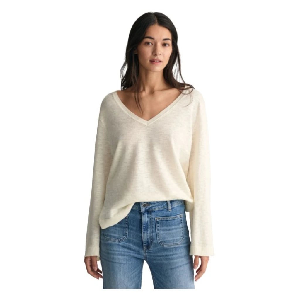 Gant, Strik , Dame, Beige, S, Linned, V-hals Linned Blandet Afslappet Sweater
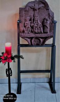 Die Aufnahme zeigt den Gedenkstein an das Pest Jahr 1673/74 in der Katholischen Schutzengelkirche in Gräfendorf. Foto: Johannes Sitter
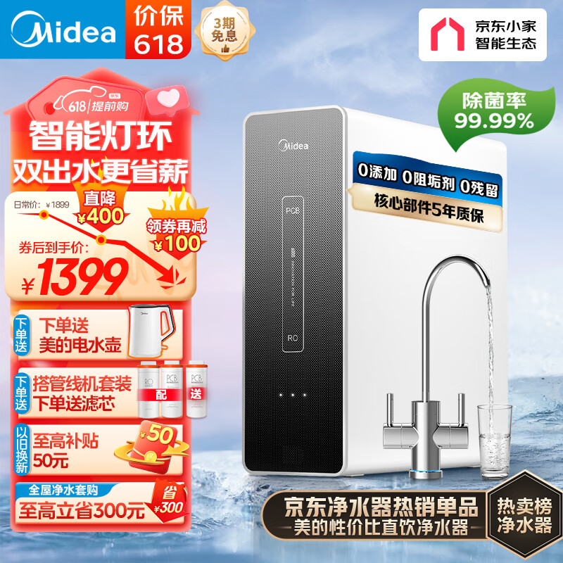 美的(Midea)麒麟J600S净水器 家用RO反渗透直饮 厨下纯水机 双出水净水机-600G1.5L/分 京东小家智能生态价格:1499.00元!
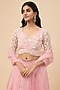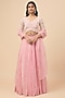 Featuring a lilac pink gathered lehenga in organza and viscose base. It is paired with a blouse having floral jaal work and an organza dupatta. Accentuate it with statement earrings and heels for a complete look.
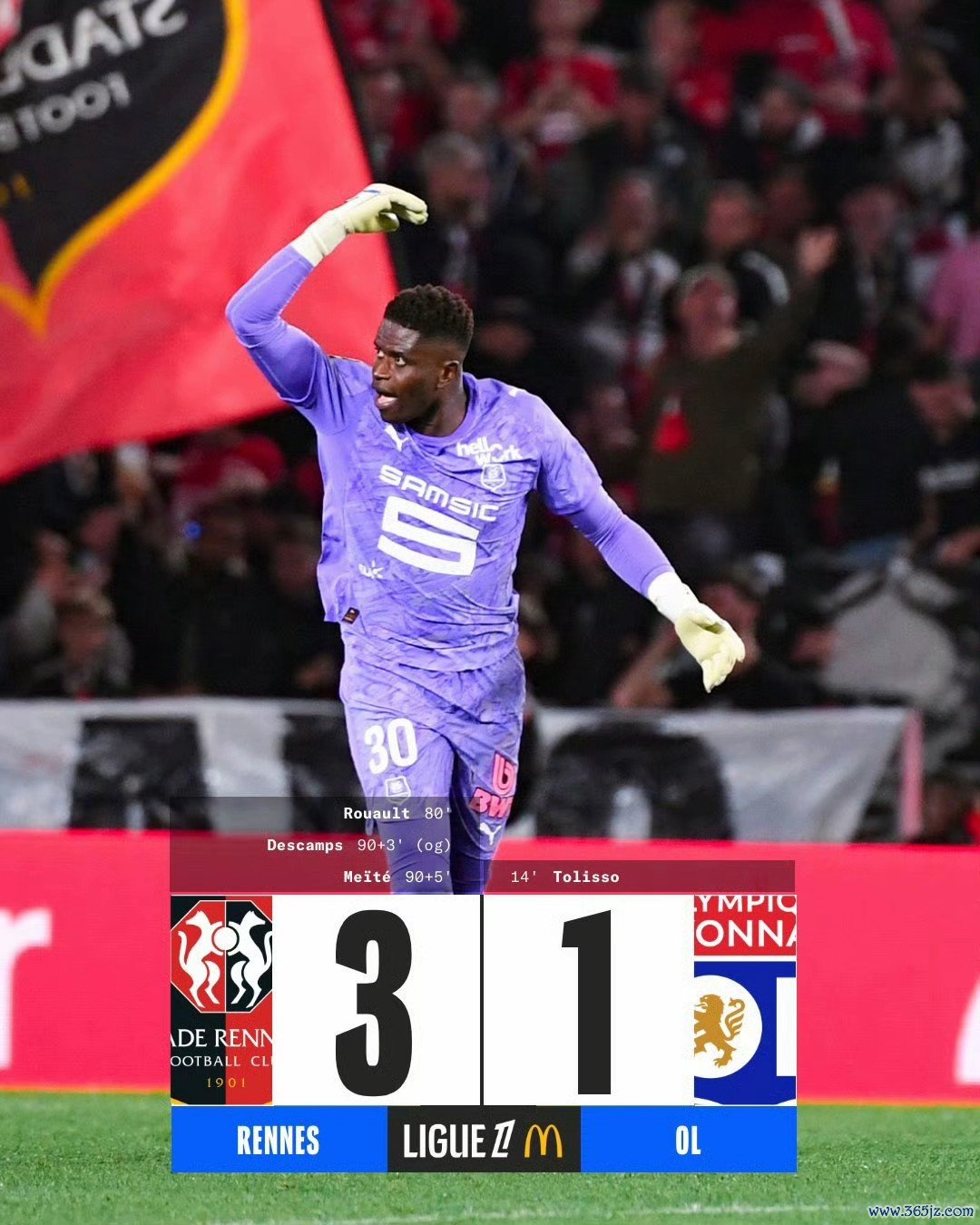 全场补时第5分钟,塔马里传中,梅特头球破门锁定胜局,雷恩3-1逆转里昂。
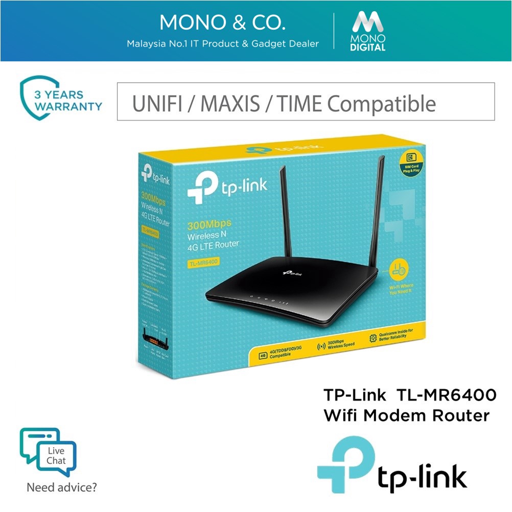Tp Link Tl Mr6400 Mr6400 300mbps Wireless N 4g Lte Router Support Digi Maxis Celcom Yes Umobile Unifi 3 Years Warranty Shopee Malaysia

= = =

▶ _Prompt_
The answer must reproduce every line of the records above exactly, with all pictures left out.

▶ _Task output_
 Gant, Strik , Dame, Beige, S, Linned, V-hals Linned Blandet Afslappet Sweater
 Die Aufnahme zeigt den Gedenkstein an das Pest Jahr 1673/74 in der Katholischen Schutzengelkirche in Gräfendorf. Foto: Johannes Sitter
 美的(Midea)麒麟J600S净水器 家用RO反渗透直饮 厨下纯水机 双出水净水机-600G1.5L/分 京东小家智能生态价格:1499.00元!
 Featuring a lilac pink gathered lehenga in organza and viscose base. It is paired with a blouse having floral jaal work and an organza dupatta. Accentuate it with statement earrings and heels for a complete look.
 全场补时第5分钟,塔马里传中,梅特头球破门锁定胜局,雷恩3-1逆转里昂。
Tp Link Tl Mr6400 Mr6400 300mbps Wireless N 4g Lte Router Support Digi Maxis Celcom Yes Umobile Unifi 3 Years Warranty Shopee Malaysia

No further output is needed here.